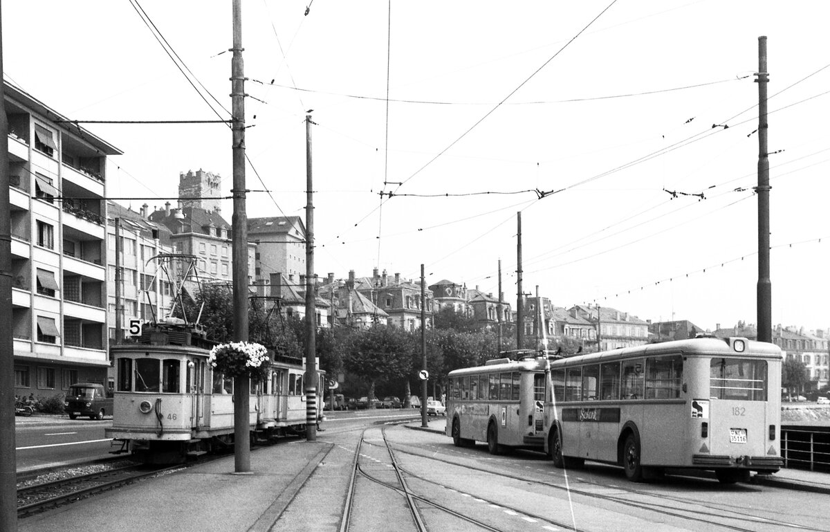 solche Trolleybus mit Anhänger wie rechts im Bild zu sehen gab es in Lausanne bis vor kurzem.
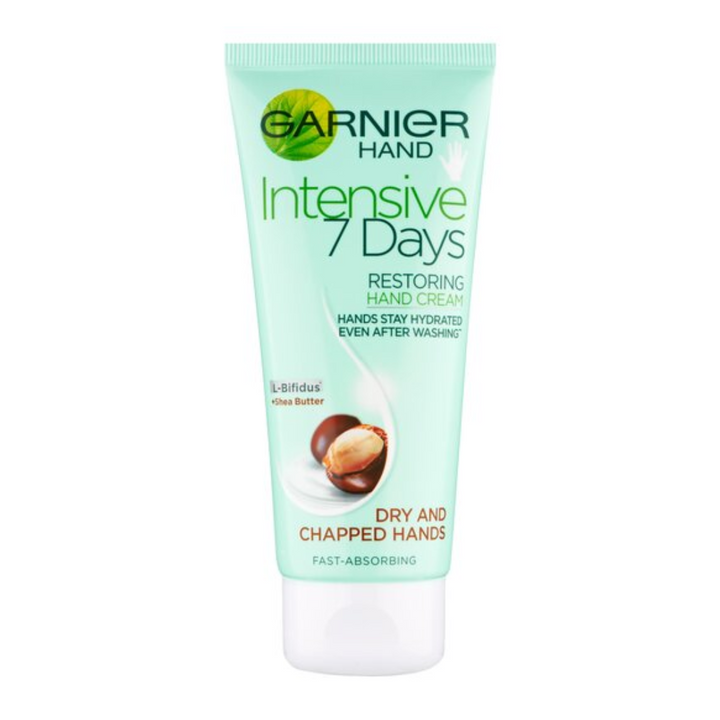 Garnier Intensive 7 Days Shea Butter Hand Cream has been developed to restore dry and chapped hands. This ultra-hydrating formula keeps hands hydrated even after washing. Enriched with shea butter, harvested from the shea tree of West Africa, and a fragment of probiotic inspired by actives found in yoghurts. This super hydrating hand cream helps to reinforce skin's natural protective barrier to maintain hydration levels in skin. It is rich in essential nutrients known to build skin lipids, helping to replenish and soften extra dry skin. Garnier's restoring hand cream is fast-absorbing, non-greasy and non-sticky.
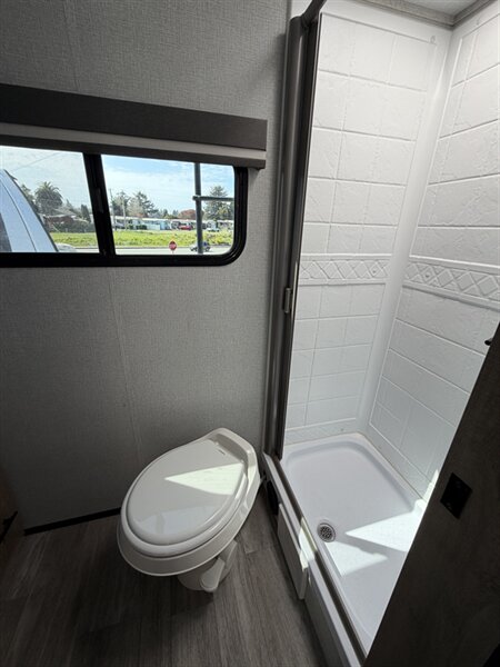 Exterior and construction - Laminated exterior sidewalls with a finished fiberglass or painted surface designed for a clean, low-maintenance look. - Aerodynamic front profile and exterior graphics package. - One-piece roof membrane (factory-installed) to resist leaks; sealed roof penetrations for long-term durability. - Enclosed underbelly and insulation package to improve thermal performance and protect tanks/lines. - Exterior utility connections: city water inlet, black/gray tank flush, and 30A/50A power inlet per model configuration. - Exterior storage compartments and accessible service points for tanks, hookups and batteries. - Entry steps (folding or solid) and exterior grab handle for safer entry/egress.
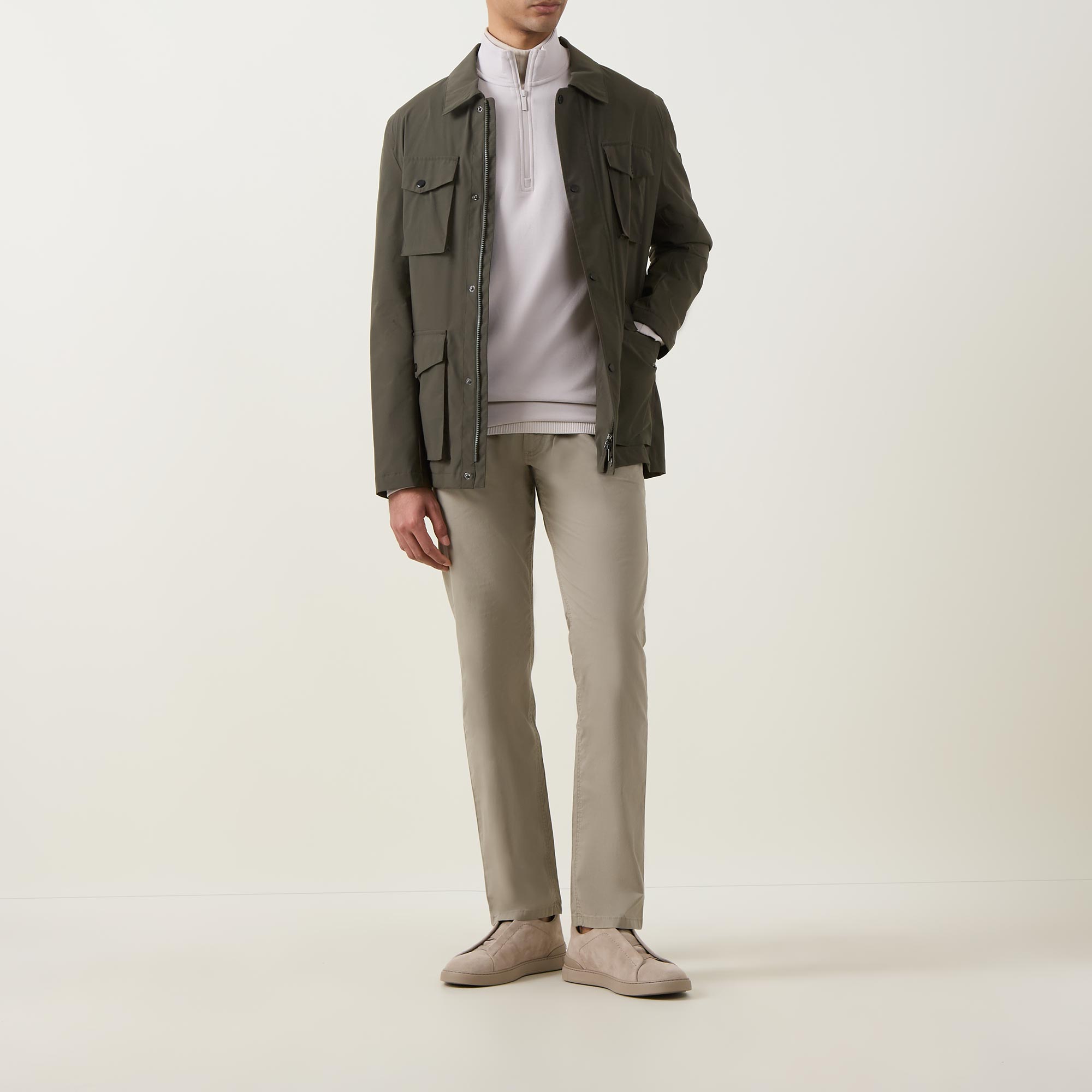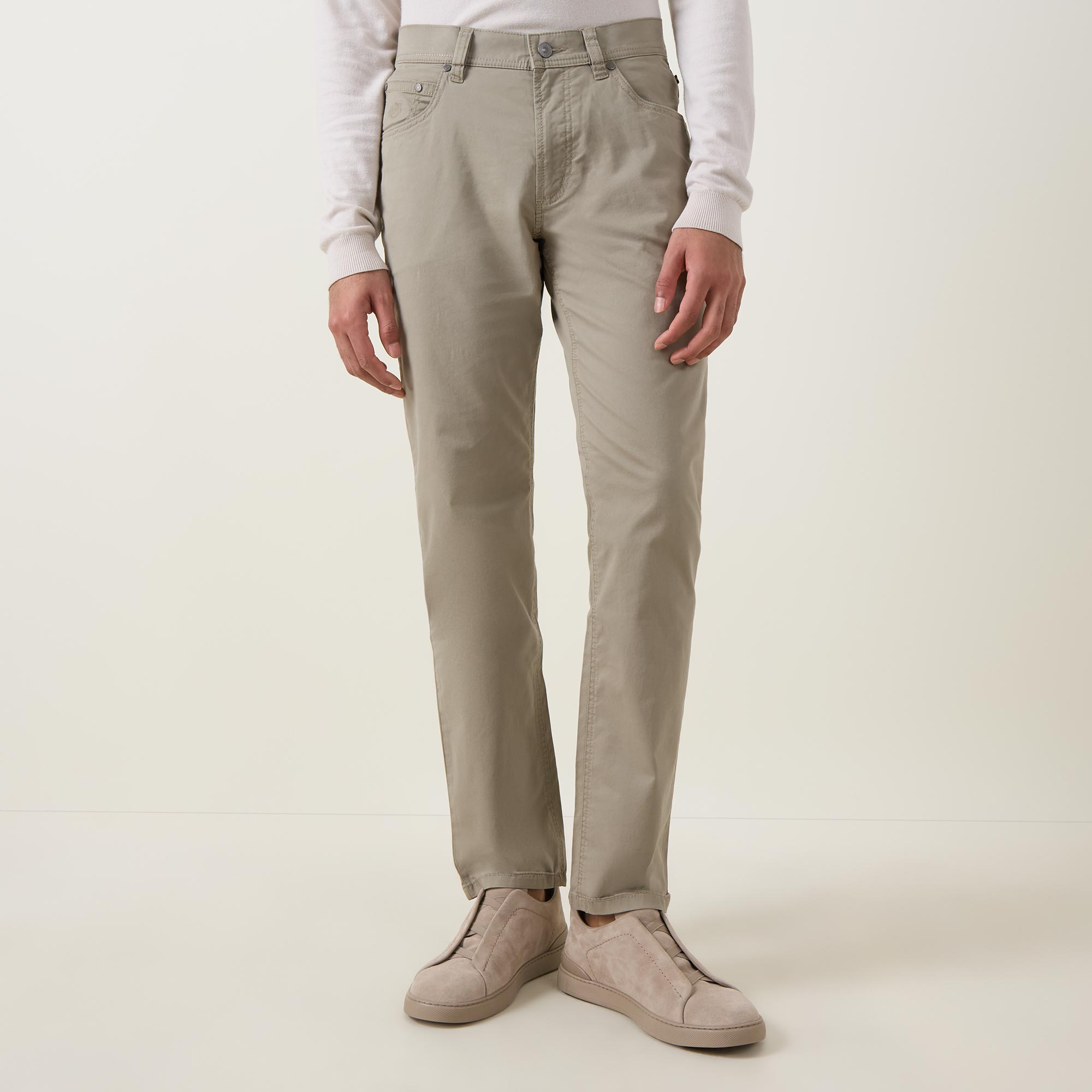 - Button and fly zip fastening, belt loops, side entry pockets, rear patch pockets, straight-cut legs, logo badge
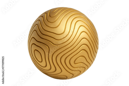 © Michael, Obraz premium Gold metallic sphere featuring carved topography-like contour lines, forming a unique abstract pattern. Transparent background

Task brief: When you reach the line containing "- Button and" in the listing above, reproduce it and every line after it through the last, exactly; omit the pictures.

Solution for this exercise:
 - Button and fly zip fastening, belt loops, side entry pockets, rear patch pockets, straight-cut legs, logo badge
 © Michael, Obraz premium Gold metallic sphere featuring carved topography-like contour lines, forming a unique abstract pattern. Transparent background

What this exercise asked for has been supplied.